Another bright spot: The series doesn’t take itself too seriously. You sense it’s winking at the audience occasionally. That’s most evident by the time the third episode and onward rolls along, when more explosions and action sequences hit the screen. The show knows what viewers want to see (namely, Kiefer Sutherland on the run). It works. Onward…
The Bottom Line of Rabbit Hole
Themes of data, privacy, reality, and non-reality circulate throughout Rabbit Hole, which, while initially intriguing, tend to bog down the show. Yes, we’re going into the “rabbit hole” with Sutherland’s character, but give us some breathing room from time to time to let things sink in.
John’s paranoia increases as the show plays out, too, and as audiences learn more about his past, it’s hit-and-miss whether most folks will find it believable. The show isn’t that convincing when John’s past traumas continually filter into the present. It seemed more like a necessary plot device rather than what it was likely intended for — to authentically raise the level of intrigue and complexities of his character.

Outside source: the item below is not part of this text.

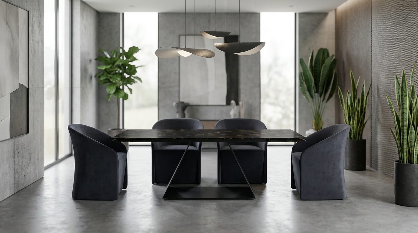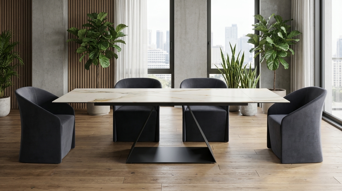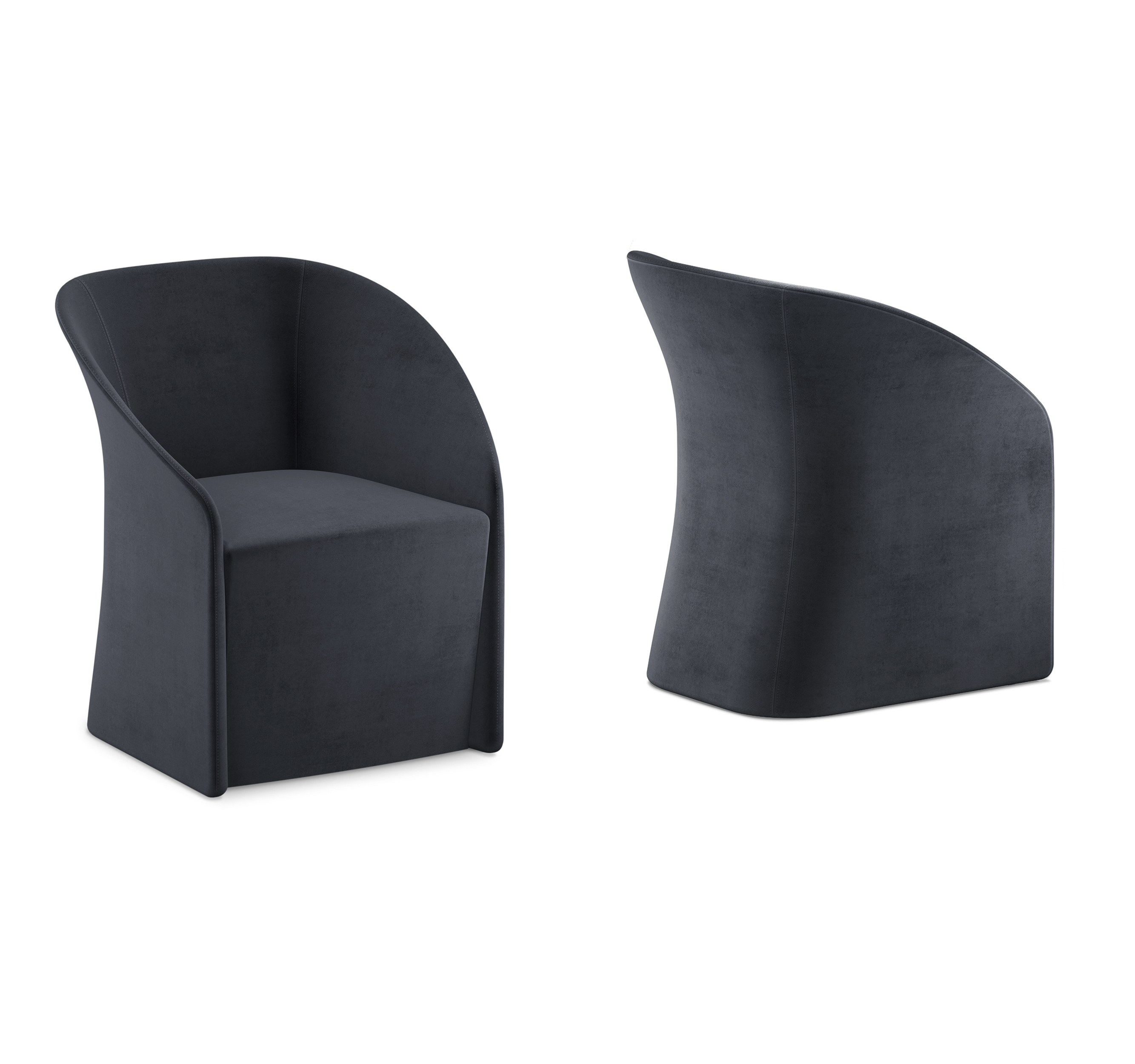LaPorte features dramatic curves in a wraparound padded back. For a touch of sophistication, the fully upholstered wraparound back is extended all the way to the floor. This model features hidden casters.

That’s already been built in with the show’s inventive premise, after all. We’re here for Sutherland, and most likely will be should the show head into season two, where one hopes, after dusting off some creative debris, Rabbit Hole could very well take off in an even more fascinating direction. There’s so much to play with here — corporate espionage, data drama, and Sutherland’s remarkable ability to hold a scene and captivate audiences. Does Rabbit Hole always hit the right marks? No. Will it surprise us with added twists that send the show in a wildly new direction? Here’s hoping. In the meantime, we’ll always have Kiefer Sutherland to fall back on.
Rabbit Hole streams Sundays on Paramount+.